Word for word, restate the lines of the data below between those holding "Pyt P., Skrobacz" and "- Alina's FONT", inclusive; pictures do not belong in the copy.

▸ SUPPLIED DATA
═══

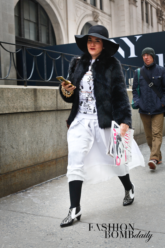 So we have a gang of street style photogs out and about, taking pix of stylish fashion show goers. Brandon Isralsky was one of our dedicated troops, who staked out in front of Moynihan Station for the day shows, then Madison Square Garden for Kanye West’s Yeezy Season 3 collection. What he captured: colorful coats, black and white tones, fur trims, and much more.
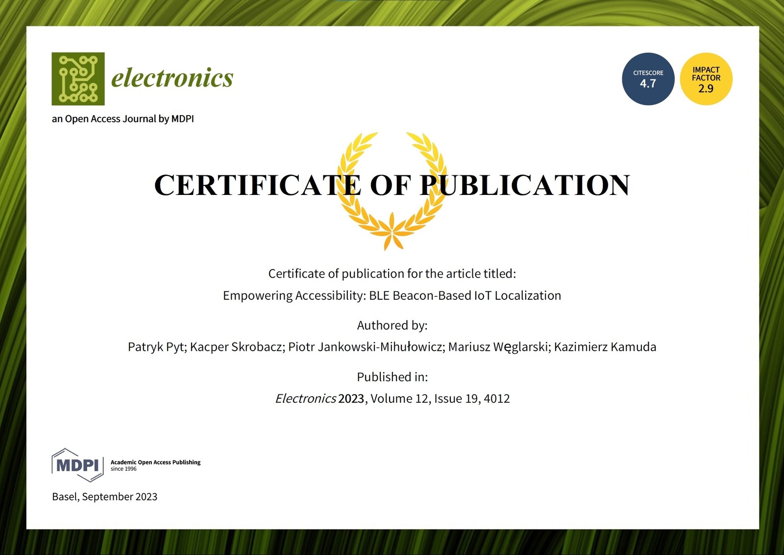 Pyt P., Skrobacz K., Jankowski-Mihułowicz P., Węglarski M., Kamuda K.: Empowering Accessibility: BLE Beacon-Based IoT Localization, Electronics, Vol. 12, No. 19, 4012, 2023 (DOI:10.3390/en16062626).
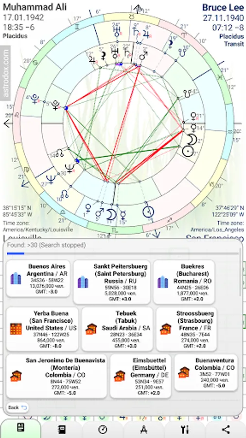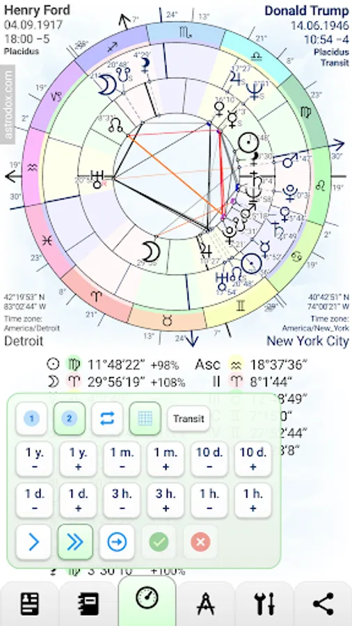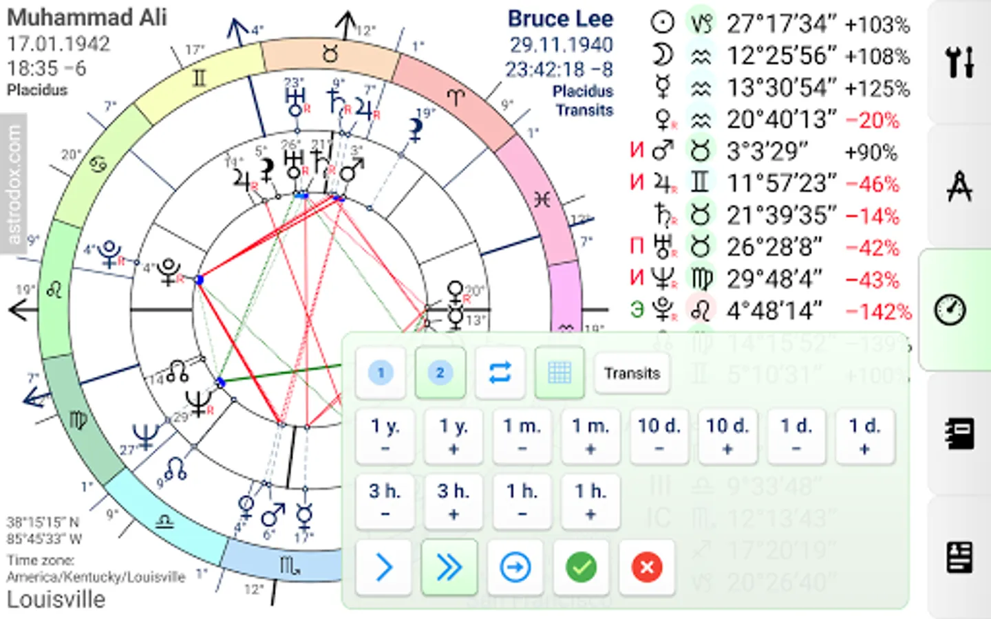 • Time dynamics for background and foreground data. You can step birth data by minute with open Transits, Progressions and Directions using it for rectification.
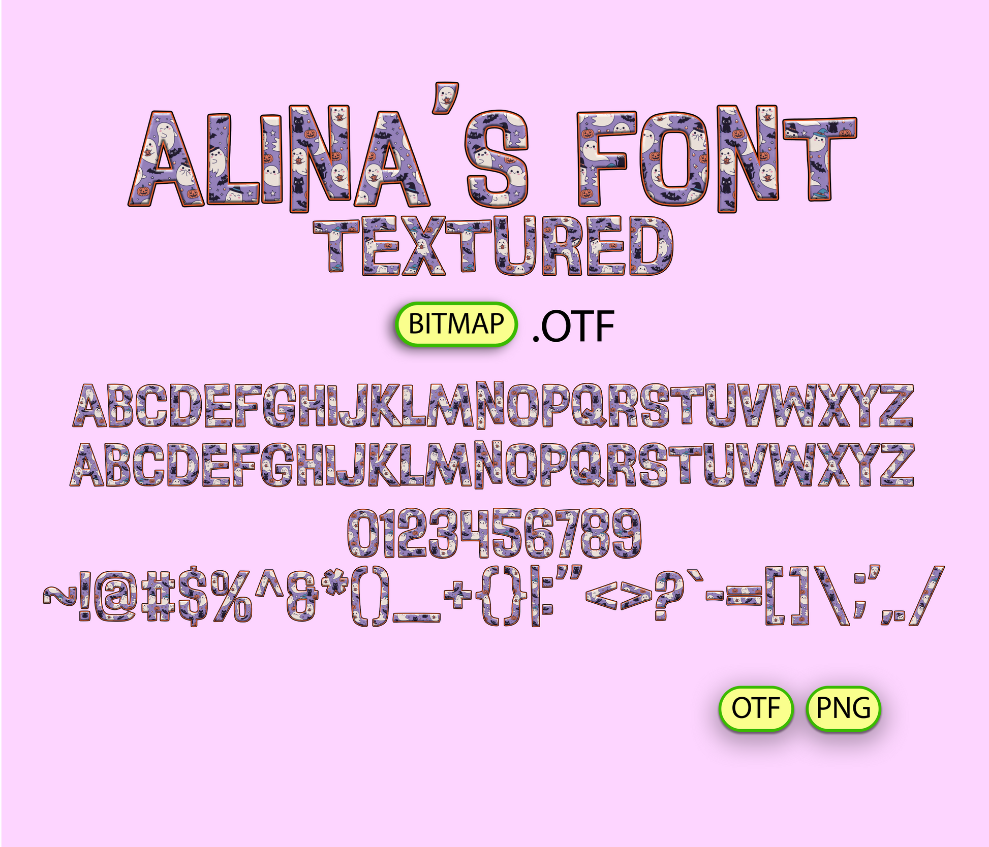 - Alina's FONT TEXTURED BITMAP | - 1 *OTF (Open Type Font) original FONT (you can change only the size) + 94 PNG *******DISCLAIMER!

═══

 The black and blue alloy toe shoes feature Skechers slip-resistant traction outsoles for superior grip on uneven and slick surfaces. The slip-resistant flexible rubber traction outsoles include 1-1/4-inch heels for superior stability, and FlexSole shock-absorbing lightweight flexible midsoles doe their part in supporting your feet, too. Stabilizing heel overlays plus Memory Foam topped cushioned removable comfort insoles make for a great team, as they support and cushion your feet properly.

═══

▸ TASK RESPONSE
 Pyt P., Skrobacz K., Jankowski-Mihułowicz P., Węglarski M., Kamuda K.: Empowering Accessibility: BLE Beacon-Based IoT Localization, Electronics, Vol. 12, No. 19, 4012, 2023 (DOI:10.3390/en16062626).
 • Time dynamics for background and foreground data. You can step birth data by minute with open Transits, Progressions and Directions using it for rectification.
 - Alina's FONT TEXTURED BITMAP | - 1 *OTF (Open Type Font) original FONT (you can change only the size) + 94 PNG *******DISCLAIMER!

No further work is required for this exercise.